How to understand "if intellectual education is not well grasped, it will produce defective products;" ......

Educate your daughter like a student.

In recent years, people often ask me the secret of educating children. My practice is to care about students as much as my daughter. Similarly, I should educate my daughter like a student.

First, adhere to the principle of integrating theory with practice in family education, take virtue as the main content of family education, set goals step by step, let daughters know that others are the first, and learn to care for and help others.

In my opinion, in education, schools and families are often misplaced. Teachers teach students to do housework, and parents teach students to do homework. School and family education are out of touch, and advantages become disadvantages, resulting in great waste of educational resources. In the practice of tutoring, I realized that educating children is a systematic project. If we compare it to a play, then school education is the protagonist and family education is the supporting role. But at home, family education should play a leading role, and it should play a leading role. The content of family education should focus on ideological and moral education. Children are in the learning stage, and learning is very important, but first of all, we must learn to be a man and learn to write big. One year, I participated in the city's "Longevity Cup" family education essay activity, writing about the herringbone structure, which is to educate my daughter to be a "one-stop" to support others.

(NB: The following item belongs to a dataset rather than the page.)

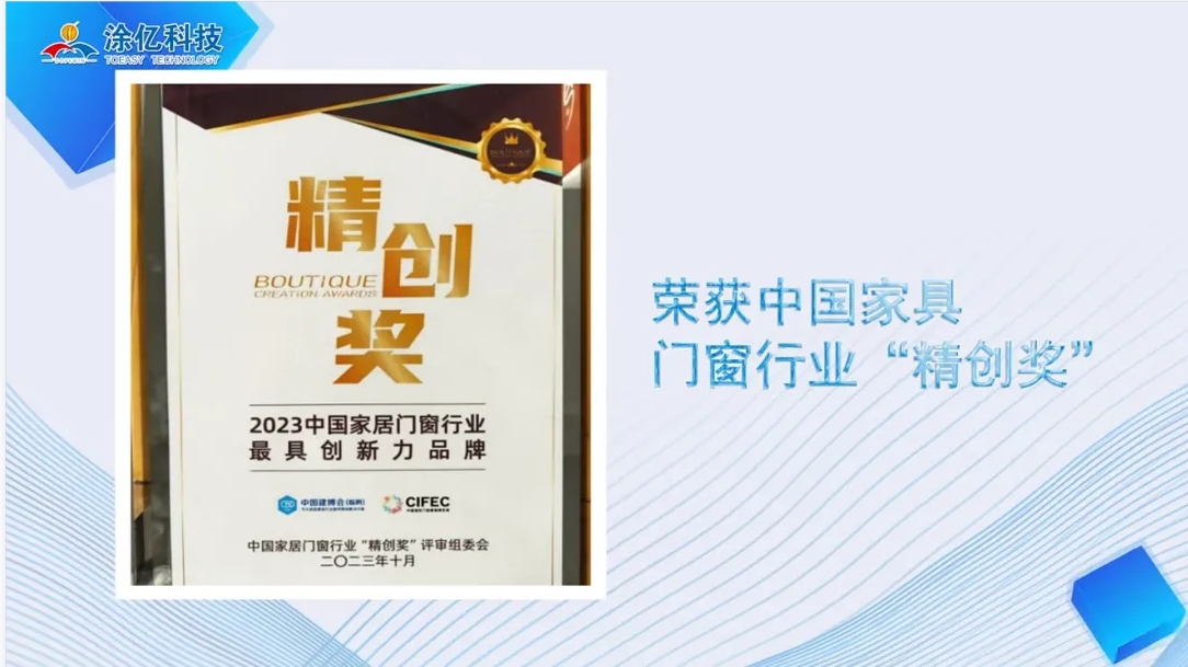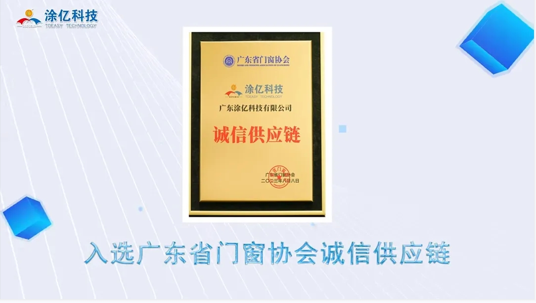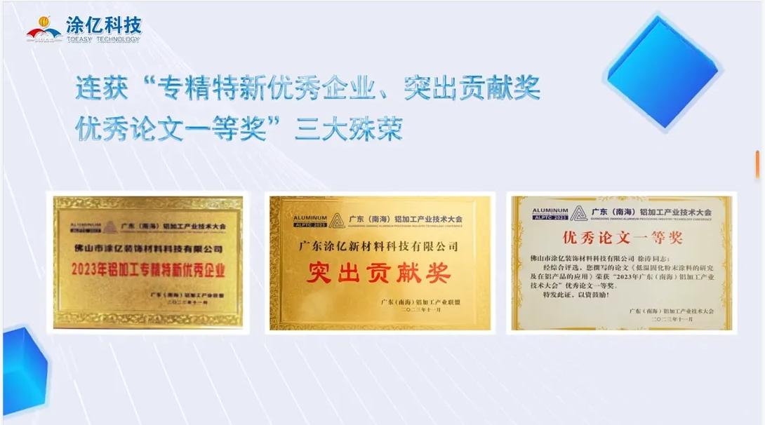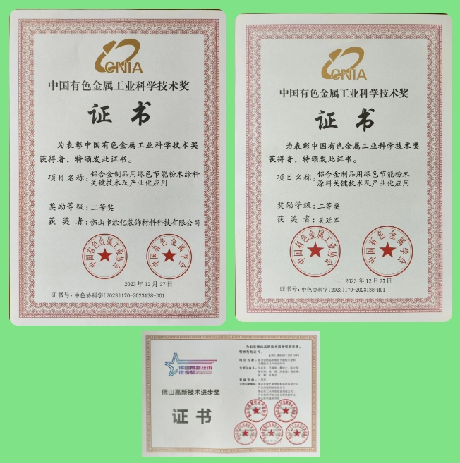 2023年,涂億科技以其卓越的表現(xiàn)和持續(xù)的努力,贏得了眾多榮譽和獎項,充分展現(xiàn)了其在粉末涂料行業(yè)的領(lǐng)先地位和強大的企業(yè)實力。公司入選廣東省門窗協(xié)會誠信供應鏈、榮獲中國家具門窗行業(yè)“精創(chuàng)獎”、連獲“專精特新優(yōu)秀企業(yè)、突出貢獻獎、優(yōu)秀論文一等獎”三大殊榮、獲得中國綠色產(chǎn)品認證,產(chǎn)品符合IATF16949:2016質(zhì)量管理體系標準認證,榮獲第五屆“佛山高新技術(shù)進步獎”二等獎和獲得中國有色金屬工業(yè)科學技術(shù)二等獎等等。

The ancients said, "Everyone has parents' hearts." However, "parents often lose, and now they can't be flattered." Most of our families in Shanghai are families of three. Parents are child-centered and children are self-centered, so there are little suns, little emperors, little princesses and little bullies. Some people say, "Poor study is flawed, poor health is unqualified, and bad thinking is dangerous." From the perspective of family education, it makes sense. For more than 20 years, I have overcome the tendency of attaching importance to education and neglecting wisdom and morality, and put virtue first in family education. I teach my daughter how to be a person, just like I teach her how to walk. Let her start from the little things around her, respect her elders, love her neighbors, respect her teachers and love her classmates.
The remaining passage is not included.